Well according to you all if nobody gives a crap what I think when I mean well because I am not the mother of this child, (even if I support his father's right to see him, even if I treat this child very well when he is in my home and even if the child has hugged me and told me he loves me repeatedly)then what do you care what I'm going to think when I decide since I'm not the mother of this child and have no rights and NO ONE CARES if I mean well that I am going to stop worrying about it and stop caring because it doesn't do any good? And what if he and I stop trying to fight the exwife just to see his child and just move on with our own lives and focus on the child hat we have decided to have together? Oh! But that's not right either. I'm sure all these negative comments are coming from jealous exwives yourselves as it seems to me that any woman who is NOT jealous of her exhusband moving on would be very HAPPY that her child has yet another adult in his life who cares about him and his well being and not fight so much for such a person NOT to see him.

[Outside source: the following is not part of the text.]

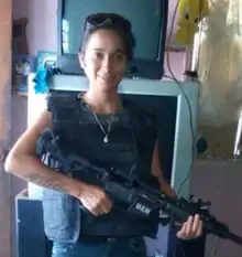 Niño gained notoriety on social media on 5 January 2015,[9] when an anonymous online user leaked a picture of her to Valor por Tamaulipas, a citizen journalist page that post security updates and organized crime leaks. Her pictures made it to Facebook and Twitter.[3] The picture identified her as a Gulf Cartel hitwoman based out of Río Bravo, Tamaulipas;[10] she was smiling in front of the camera and posing with a firearm and bullet proof vest.[lower-alpha 2][12] She was resting her sunglasses on her head and was wearing a golden necklace.[13] The picture's background stirred commentary on the apparent low-income lifestyle of cartel-employed assassins, which seemed to contradict the notion that those working for organized crime groups in Mexico live luxuriously.[14] In addition, others discussed in the comment section whether or not lifestyles like Niño's were worth the risk when organized crime bosses reportedly enjoy most of the luxuries.[3][14] Her picture was shared more than 40 times and had over 1,500 likes on Facebook.[15]

Stop obsessing about his ex. You will have no more legal rights to her child than you have now, so being gf or fiancee or wife makes zero difference.
If you and bf have nothing to hide, then being "investigated" shouldn't be a big problem for you. Let bf and his ex deal with their communication and their child, and stay out of their way. You chose a man that has a previous child, therefore you are obligated to treat that child just as you would your own, but without the legal rights. That's what you agree to when you decide to be a "stepparent".
If it's so difficult for you to live with the situation that comes with your bf having an ex and a child, you shouldn't have let him move into YOUR home, and absolutely shouldn't marry and have a child with him. You knew the situation, so complaining about it now is too late.